» Entries provided:
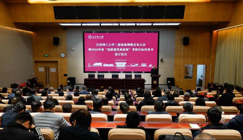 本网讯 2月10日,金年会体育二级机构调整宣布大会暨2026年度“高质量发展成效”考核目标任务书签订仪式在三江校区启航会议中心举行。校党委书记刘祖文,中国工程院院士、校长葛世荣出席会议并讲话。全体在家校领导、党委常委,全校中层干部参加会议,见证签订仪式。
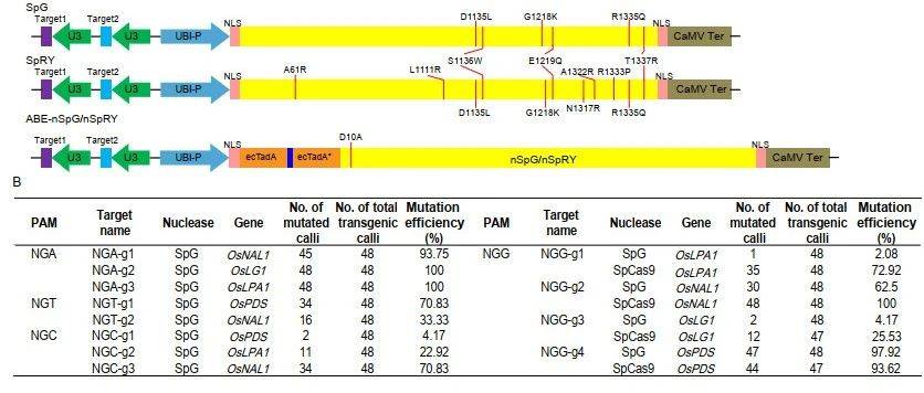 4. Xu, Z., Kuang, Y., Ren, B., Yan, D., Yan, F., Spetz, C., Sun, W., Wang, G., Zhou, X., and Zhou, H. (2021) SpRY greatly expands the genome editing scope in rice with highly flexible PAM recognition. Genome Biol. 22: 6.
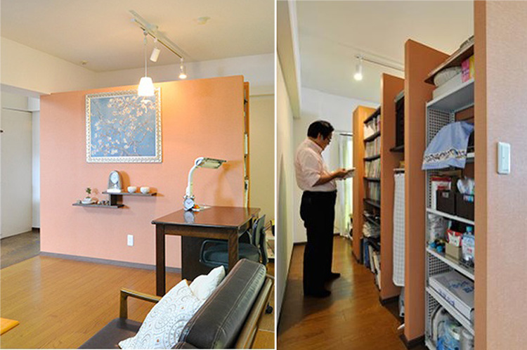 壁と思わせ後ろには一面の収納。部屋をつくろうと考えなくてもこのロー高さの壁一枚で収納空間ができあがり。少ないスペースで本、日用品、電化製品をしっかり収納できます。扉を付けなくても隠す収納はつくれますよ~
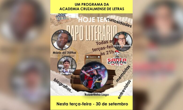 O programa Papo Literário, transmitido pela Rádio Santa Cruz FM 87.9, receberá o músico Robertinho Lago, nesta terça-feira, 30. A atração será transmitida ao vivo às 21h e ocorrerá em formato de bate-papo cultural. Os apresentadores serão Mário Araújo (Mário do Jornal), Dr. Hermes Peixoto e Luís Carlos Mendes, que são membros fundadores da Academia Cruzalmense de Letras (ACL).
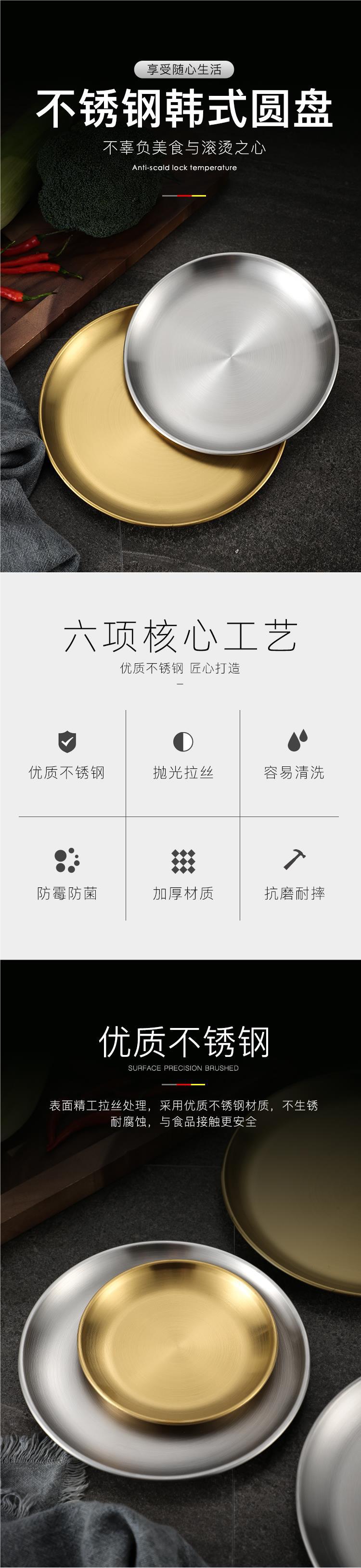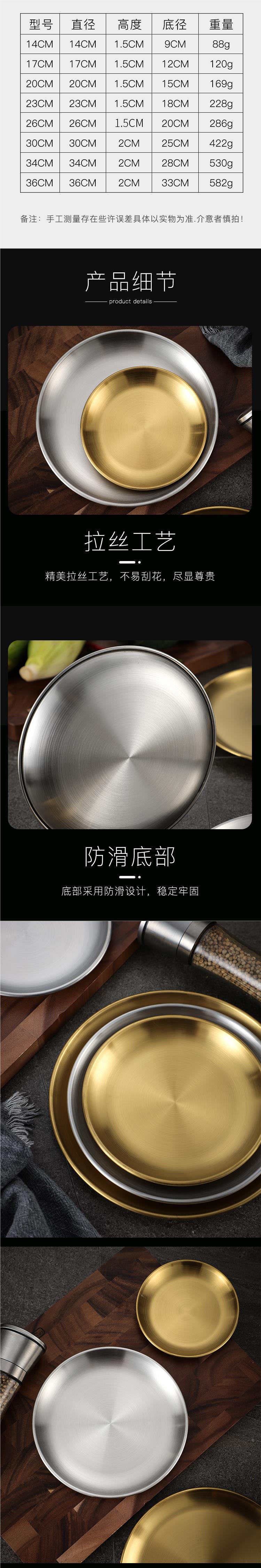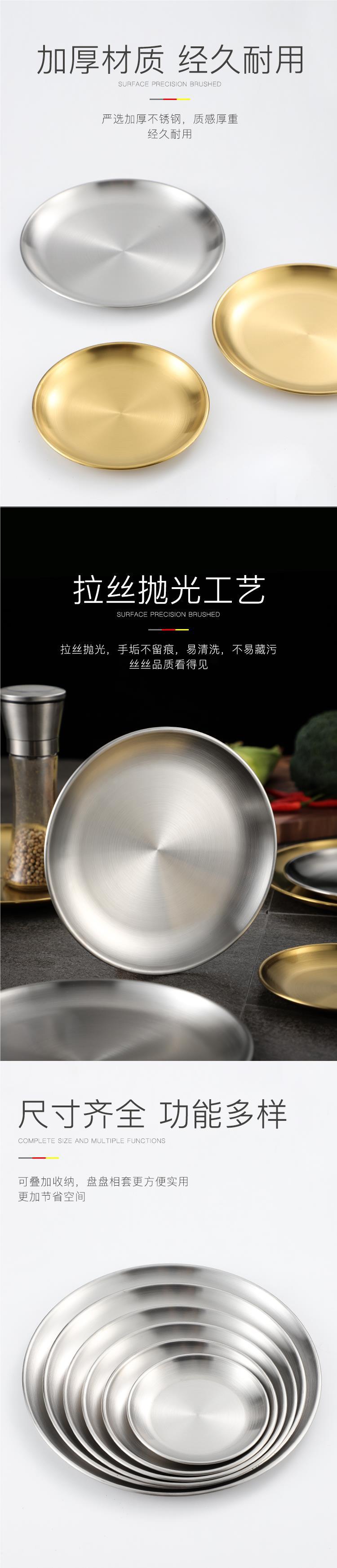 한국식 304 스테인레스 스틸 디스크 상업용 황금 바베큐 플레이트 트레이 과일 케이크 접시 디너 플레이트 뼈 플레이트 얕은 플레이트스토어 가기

* * *

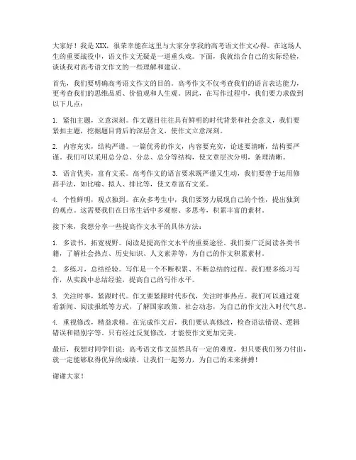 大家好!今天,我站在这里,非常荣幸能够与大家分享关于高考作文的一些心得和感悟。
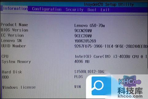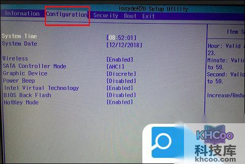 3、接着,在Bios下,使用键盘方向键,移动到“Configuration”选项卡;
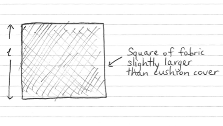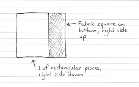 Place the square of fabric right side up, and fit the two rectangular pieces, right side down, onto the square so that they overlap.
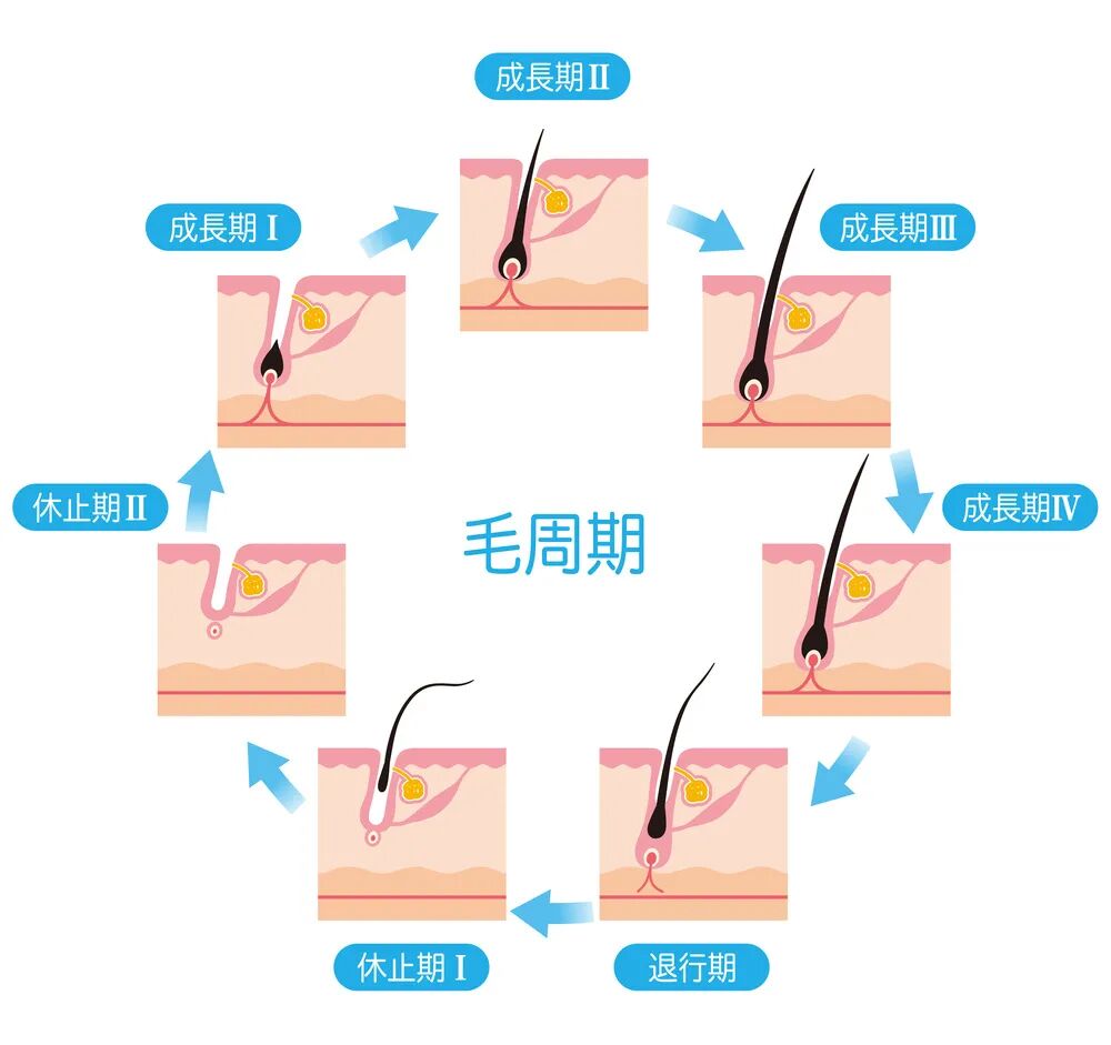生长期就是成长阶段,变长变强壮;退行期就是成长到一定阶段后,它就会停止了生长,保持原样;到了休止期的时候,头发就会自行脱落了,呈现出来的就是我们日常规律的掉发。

...

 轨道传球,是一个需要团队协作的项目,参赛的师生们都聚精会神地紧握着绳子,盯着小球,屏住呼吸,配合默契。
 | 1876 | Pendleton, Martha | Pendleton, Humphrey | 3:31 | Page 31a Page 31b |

» Exercise aim: From the records above, copy only the lines running from the line containing "Place the square" to the line containing "生长期就是成长阶段,变长变强", both ends included. Leave the pictures out.

» Task result:
 Place the square of fabric right side up, and fit the two rectangular pieces, right side down, onto the square so that they overlap.
生长期就是成长阶段,变长变强壮;退行期就是成长到一定阶段后,它就会停止了生长,保持原样;到了休止期的时候,头发就会自行脱落了,呈现出来的就是我们日常规律的掉发。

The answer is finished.